In watching the red carpet event preceding the premiere of The Hobbit last night, I was struck by how different personalities seemed to work on the red carpet live event.
The red carpet is a place for extroverts. As an example, during their first interviews Jimmy Nesbitt and Martin Freeman seemed a little grudging (Martin still had his sunglasses on during the first interview, and while I gather that it was a hot sunny day, it’s just a little off-putting not to be able to see a celebrity’s face especially if that’s what you’re there to see) and their remarks sounded almost forced, like they were searching their memories for nice things to say. But two hours later, both of them were transformed. Jimmy warmly praised everything about Wellington, and his remarks seemed to flow from his heart. Martin was jubilant, almost like he was surfing on a wave of the crowd’s love.
The best “surfer” by far was Andy Serkis, who (probably because he knew what was coming) arrived cheerful and happy and escalated into unrestrained glee. He ran down the red carpet high-fiving members of the crowd who’d stuck their palms out for him to slap. He cheerfully honored a request to “do” Gollum, and came at the TV camera like he was going to eat Wellington whole. He must have a rock star’s appetite for attention, thriving on other people’s notice and goodwill.
And there was plenty of goodwill to go around. The crowd was huge and happy and generally seemed well-behaved. Most people had these big placemat sized sheets (at a distance, they looked a little like Thror’s Map, all aged yellow and bordered in sepia ink) that the stars could sign as they passed by. Maybe that’s what usually happens at premieres, but I don’t know because this is the first red carpet event I’ve ever seen.
But for introverts, I think the red carpet must be more like a gauntlet than a festival of love. In contrast to their more extroverted colleagues, Richard Armitage and Graham McTavish seemed happier and zingier at their very first interviews. Not that they weren’t pleasant, friendly, funny and unfailingly polite in all the interviews I saw them give—it is very hard for me to put into words why I thought they enjoyed themselves more the first time around.
Since I think of myself as something of an introvert, I tried to imagine what my feelings would have been in that situation. The first thing I did was to wish I were an extrovert. Wouldn’t it be nice to relax and bask in all that attention, to just go with the flow of that overwhelming tide? Instead, I would probably feel that I had to meet that outpouring of emotion, counter it, control it, and give back in equal measure. That would be exhausting. Nobody can generate that much energy inside themselves.

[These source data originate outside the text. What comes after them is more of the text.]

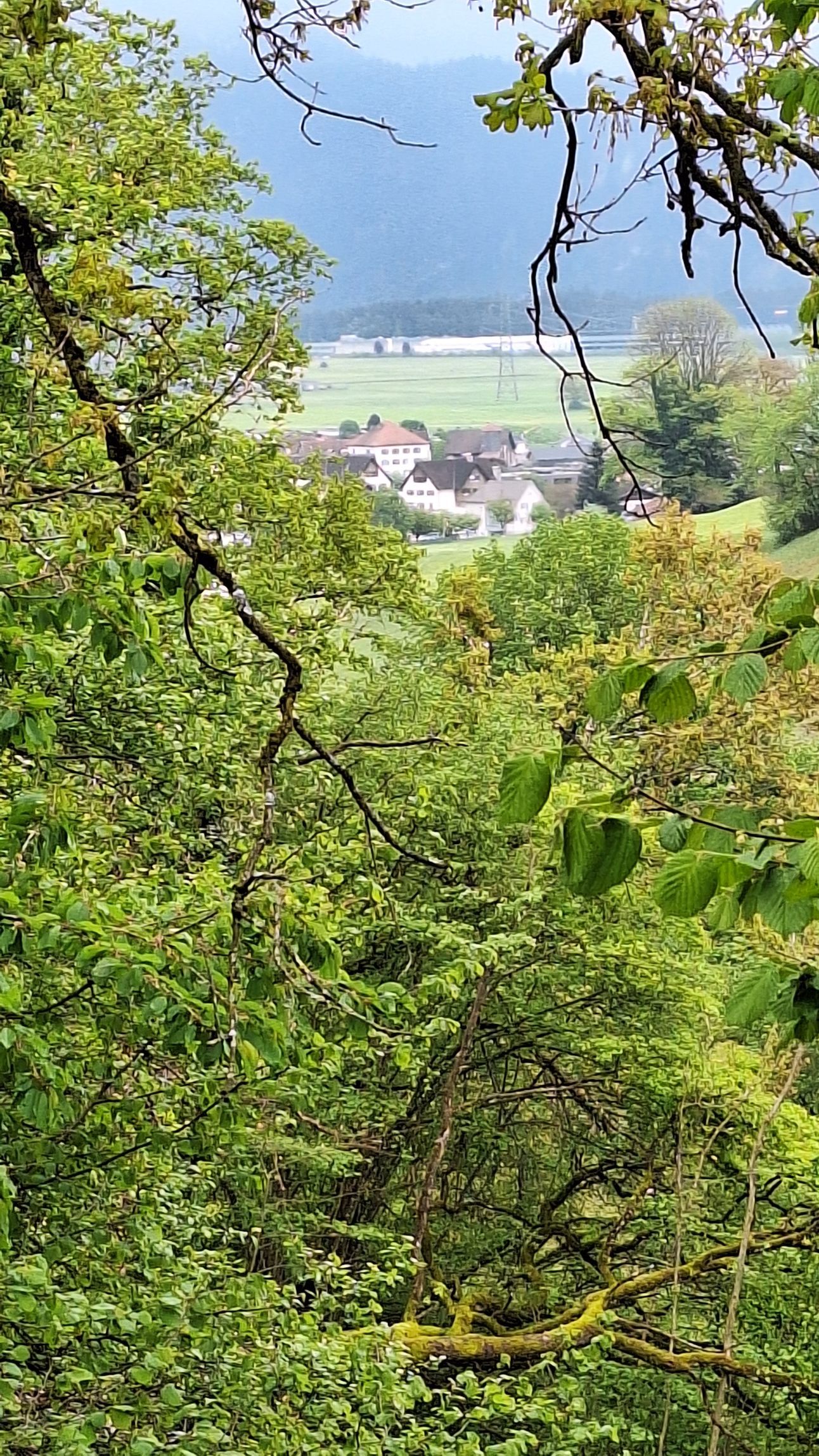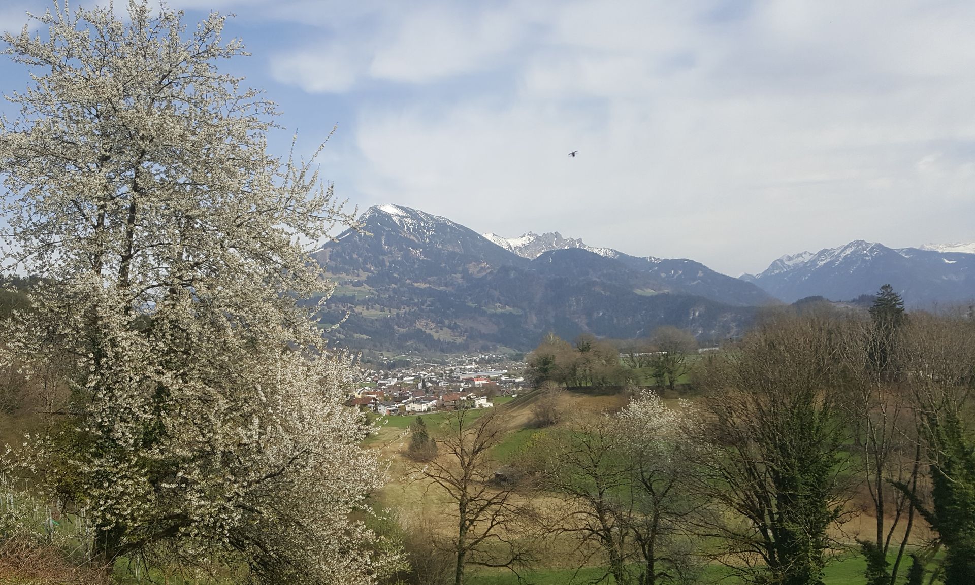Beim letzten Häuschen angekommen, das wiederum denTreffpunkt bei der 1. Info-Tafel darstellt, bot die Aussicht beim Sandloch ein einzigartiges Panorama auf Bludesch.
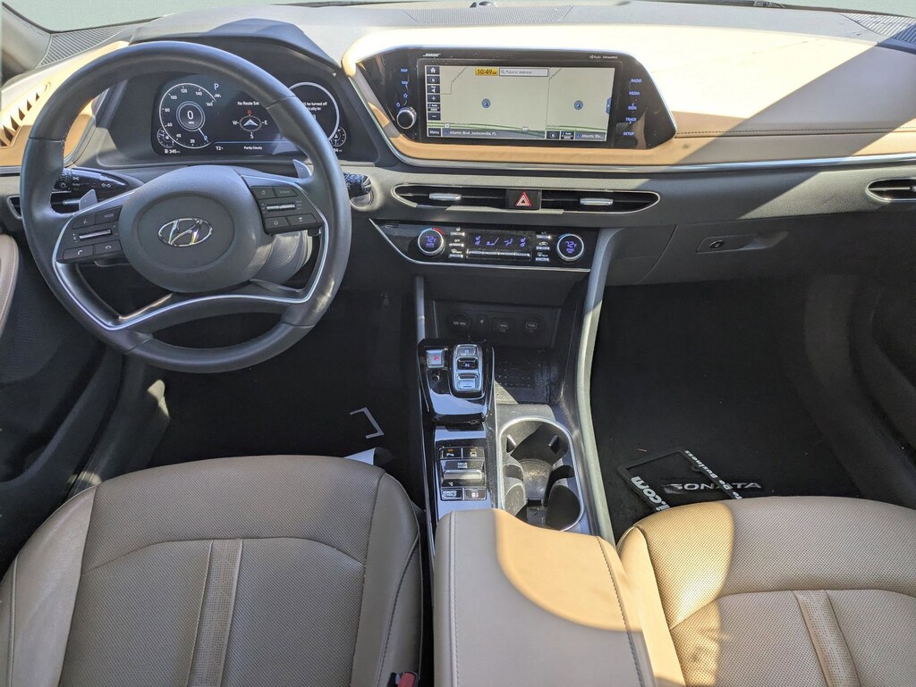The price does not include tax, tag, license, an electronic filing fee of $449.00**, a private tag agency fee of $199.00**, and a predelivery service charge of $1199.00** **This charge represents costs and profit to the dealer for items such as inspecting, cleaning, and adjusting vehicles, as well as preparing documents related to the sale. * EPA-estimate metric: these are contingent on ideal conditions within a lab. Real-world situations such as carrying passengers or cargo, using climate control, driving style, and ambient temperatures can affect actual metrics. 27/36 City/Highway MPG CARFAX One-Owner. This 2020 Hyundai Sonata Limited in Portofino Gray features Blue Link Connected Care & Remote Package, Option Group 01, 12 Speakers, 4-Wheel Disc Brakes, ABS brakes, Air Conditioning, Alloy wheels, AM/FM radio: SiriusXM, Apple CarPlay & Android Auto, Auto High-beam Headlights, Auto-dimming Rear-View mirror, Automatic temperature control, Bose Premium Audio, Brake assist, Bumpers: body-color, Carpeted Floor Mats, Delay-off headlights, Driver door bin, Driver vanity mirror, Dual front impact airbags, Dual front side impact airbags, Electronic Stability Control, Emergency communication system: Blue Link Connected Care (3-year subscription), Four wheel independent suspension, Front anti-roll bar, Front Bucket Seats, Front Center Armrest, Front dual zone A/C, Front reading lights, Fully automatic headlights, Garage door transmitter: HomeLink, Heads-Up Display, Heated door mirrors, Heated front seats, Heated steering wheel, Heated/Ventilated Front Bucket Seats, Illuminated entry, Knee airbag, Leather Seating Surfaces, Low tire pressure warning, Memory seat, Navigation System, Occupant sensing airbag, Outside temperature display, Overhead airbag, Overhead console, Panic alarm, Passenger door bin, Passenger vanity mirror, Power door mirrors, Power driver seat, Power moonroof, Power passenger seat, Power steering, Power windows, Radio data system, Radio: AM/FM/MP3/HD/SiriusXM Display Audio w/Nav, Rain sensing wipers, Rear anti-roll bar, Rear Bumper Applique, Rear seat center armrest, Rear side impact airbag, Rear window defroster, Remote keyless entry, Reversible Cargo Tray, Security system, Speed control, Speed-sensing steering, Speed-Sensitive Wipers, Split folding rear seat, Steering wheel mounted audio controls, Tachometer, Telescoping steering wheel, Tilt steering wheel, Traction control, Trip computer, Turn signal indicator mirrors, Variably intermittent wipers, Ventilated front seats, Wheels: 18 x 7.5J Machine/Argent Finish Alum Alloy, and Wireless Phone Charging . Visit our showroom 24/7 at Jenkinshyundaiofjacksonville or call 904-420-3100. FWD
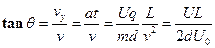 1、计算题 如图所示,U0为加速电场的电压。水平放置的带电平行板形成竖直方向的匀强偏转电场,板间电压为U,两板间距离为d,板的水平长度为L.设有一带电粒子由静止经加速电场加速后,以垂直于偏转电场的方向射入偏转电场,带电粒子的重力不计,粒子的质量为m电荷量为q.求:(1)带电粒子从加速电场射出时的速率(2)带电粒子在偏转电场中的加速度的大小(3)带电粒子离开偏转电场时偏移量y(4)带电粒子离开偏转电场时的偏转角的正切值tanθ。
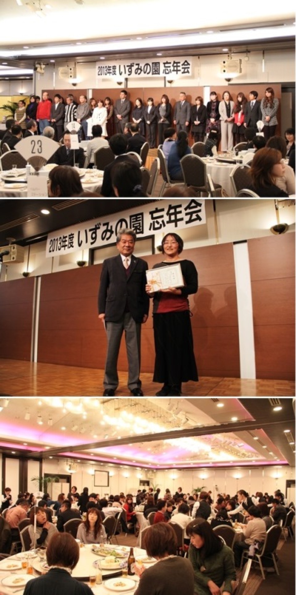 12月13日(金)19:00より中津市内のホテルにおいて、「いずみ会(職員親睦会)」主催の『いずみの園忘年会』が行われました。当日の出席者は258名で会場はいっぱいになりました。(写真下)
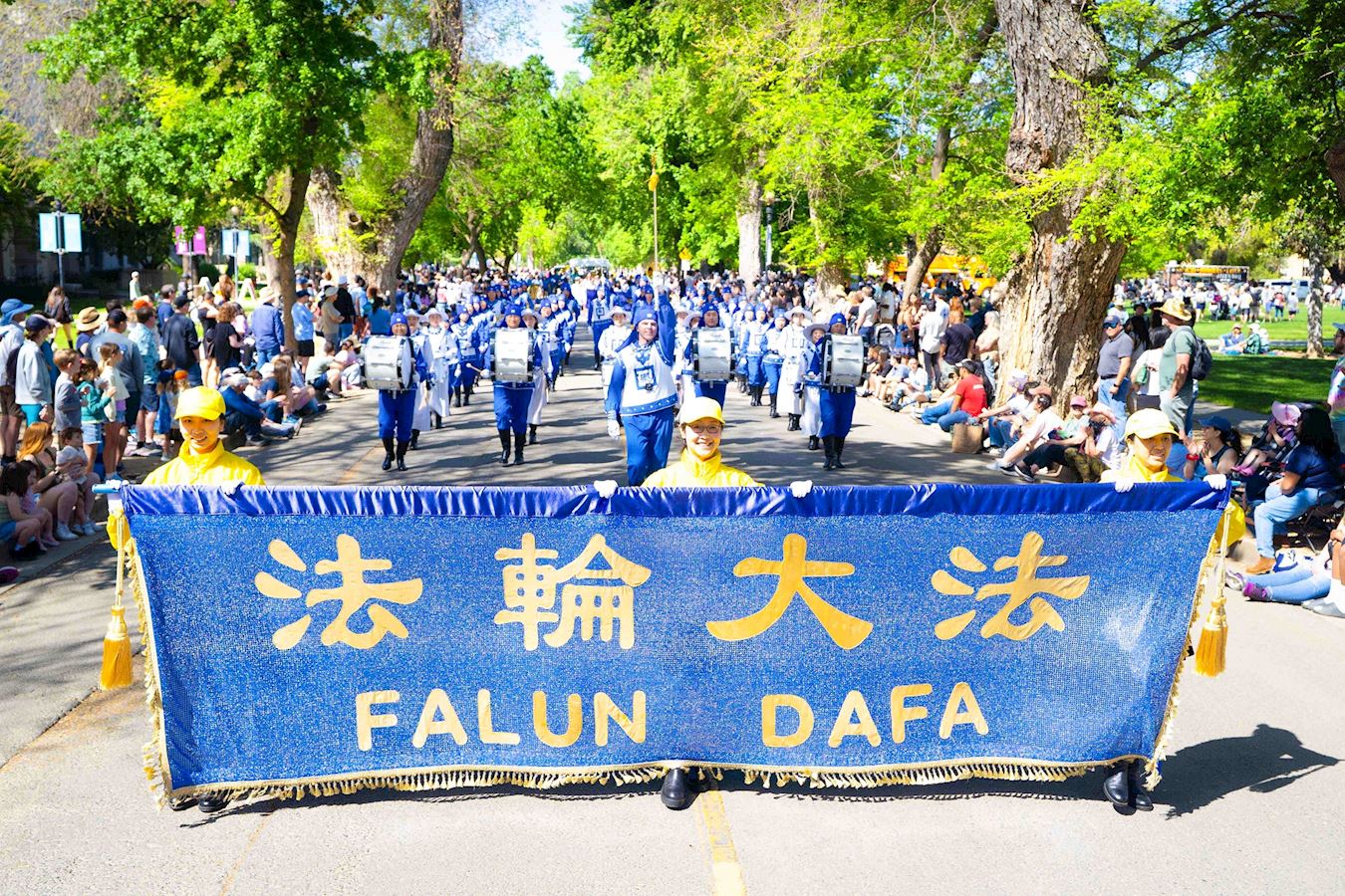 As the band members marched past the main stage on North Quad Avenue, the MC introduced them: “The group approaching now is the Falun Dafa Tian Guo marching band. In English, that means the band is from heaven. Falun Dafa is a cultivation practice based on Truthfulness, Compassion, Forbearance and includes five exercises.”
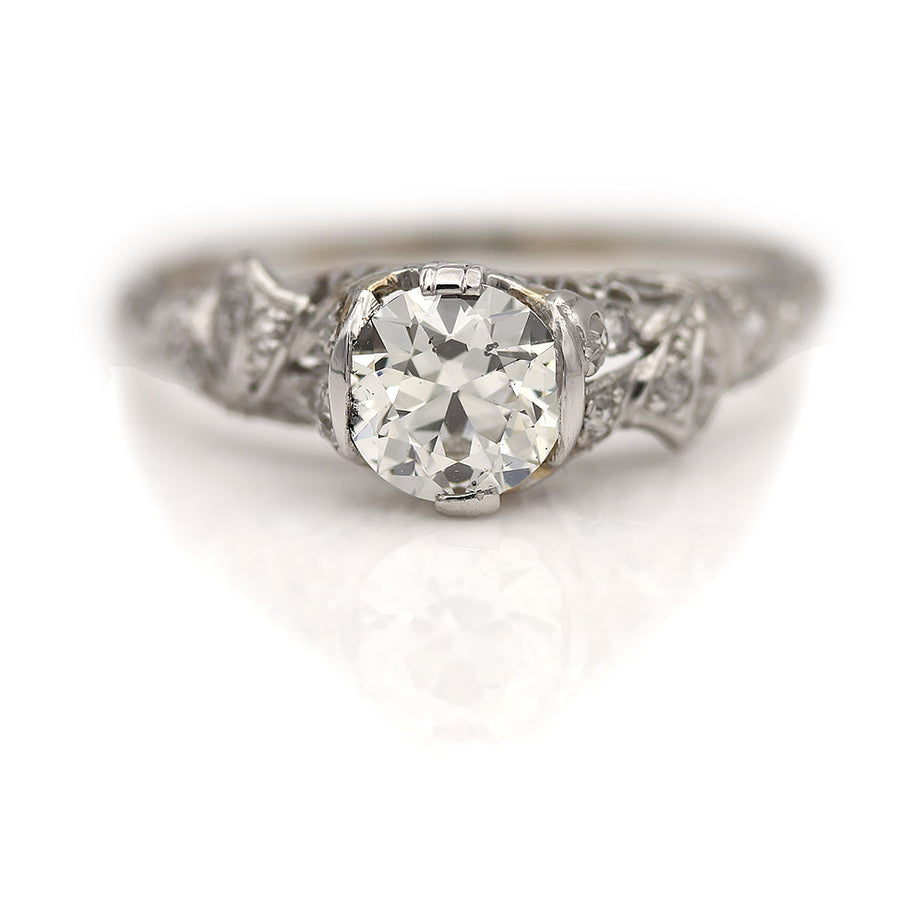 Art Deco 1.16 CTW European Cut Diamond Platinum Antique Engagement Ring GIA K/SI1

Of course, that’s probably the wrong way to go about it—the red carpet can’t be a place for civilized give-and-take. It’s all about riding the emotion.
Well, it was fun to watch and seemed to go off without a hitch. Now I’m waiting to hear about the movie…Not that it would make any difference in terms of increasing my desire to see it multiple times. I couldn’t possibly want to watch this movie more.